All of these instances were represented in a process called “deep-mapping,” allowing researchers to better visualize what’s happening, where, and when. It also helped weed out outliers like odd household maintenance or unclear images.
One city at a time
In the end, the model produced a map of Ottawa with clusters, or “hot spots," where many gentrification-like changes took place within the nine-year period. After verifying their outcomes with permit data, the researchers determined that their model had a 95 percent accuracy reading.
“It's almost as good as a human at capturing these things,” says Sawada. “So it's a very good result.” Sawada and Ilic believe they would probably achieve a similar accuracy in other cities in Canada or the US with the current model.
“The model has learned a set of what we call weights from our imagery. This could be transferred to another image set and save a lot of time and effort in training a new model,” says Sawada.
However, thanks to a pay wall implemented by Google Street View in July of 2018, looking at gentrification in this way may no longer be so easy. Before the change, the team could access 25,000 images a day. Now it takes them a month to acquire the same number.
“That puts these types of tools now in the hands of people who have money, like developers who want to get ahead of this process or profit off of it before advocate groups can do anything to mitigate it,” says Sawada. “Even local governments can't afford to access Google Street View imagery now.”
Shedding a new light
To the researcher’s surprise, their model also captured something most people don’t consider: a phenomenon Ilic calls “super-gentrification” where the wealthy displace people in neighborhoods that are already middle or upper-middle class.
“It's not a process necessarily whereby you have people at a disadvantage being taken advantage of, it's people that are middle-class now being taken advantage of, too,” says Sawada. For example, in Florida, wealthier people are relocating to higher elevations to escape destructive storms and rising oceans, displacing the middle class people already living there.
Sawada says that finding these gentrified areas that weren’t previously being looked at means Ottawa’s policymakers can start thinking of solutions.
“Gentrification always starts under the radar,” says Sawada. “It's not until it becomes talked about and you start seeing changes in the commercial spaces that gentrification is then looked at by the city itself. And so the city is very interested in what we've done as a means by which to look at future planning as well as zoning in order to perhaps mitigate negative consequences.”

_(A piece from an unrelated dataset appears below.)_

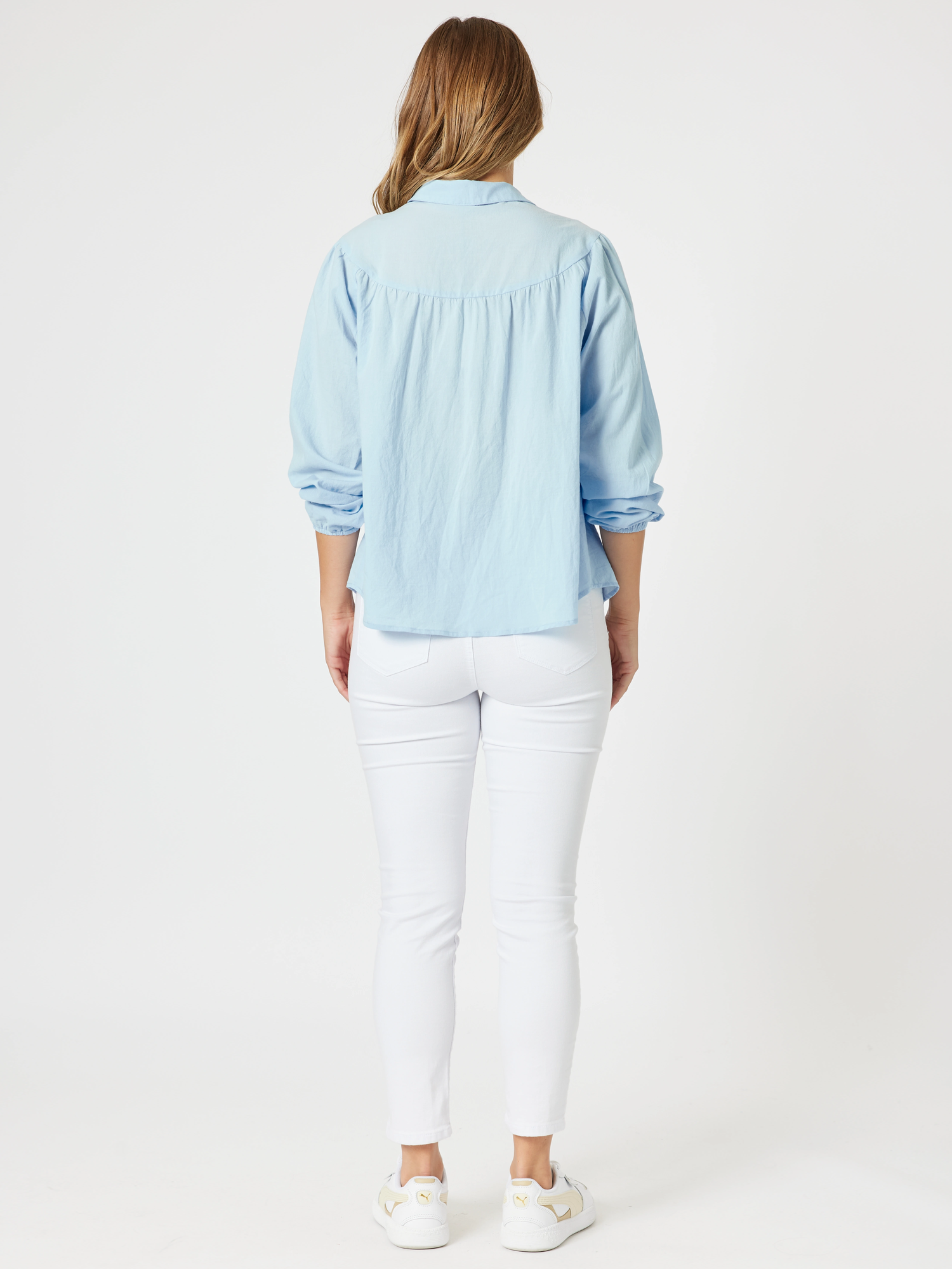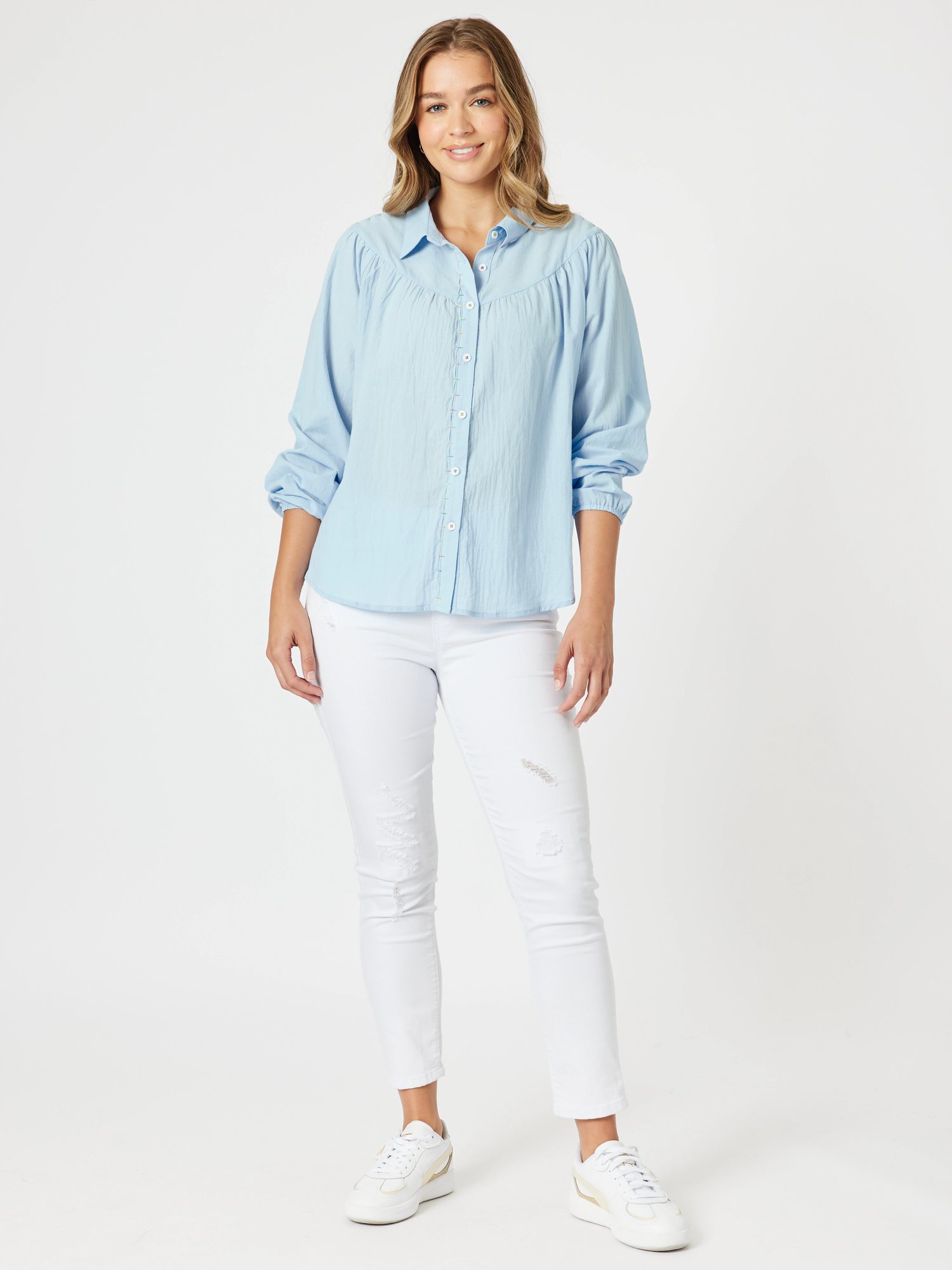 Add a playful pop to your wardrobe with the Crayon Stitch Shirt. Made from 100% cotton, this lightweight button-down offers a relaxed, breathable fit in a soft blue hue. Subtle gathers at the yoke add a touch of femininity, while the contrast crayon stitching along the placket brings a fun, distinctive detail. It’s perfect for styling tucked in, left loose, or layered over your favourite essentials

One possible solution proposed by Sawada would be to have the property developers who are causing the rising prices contribute to building affordable housing.
While it’s a big step forward, Sawada and Ilic concede that their model has a ways to go before it can accurately capture all aspects of gentrification.
“If anything, it's a conservative measure of gentrification than what may actually be happening in the geographic space,” says Sawada. “But I think the overall message is that this type of an approach now gives us the ability to measure gentrification at a fine spatial and temporal scale over large areas. That's something that nobody has been able to address before.”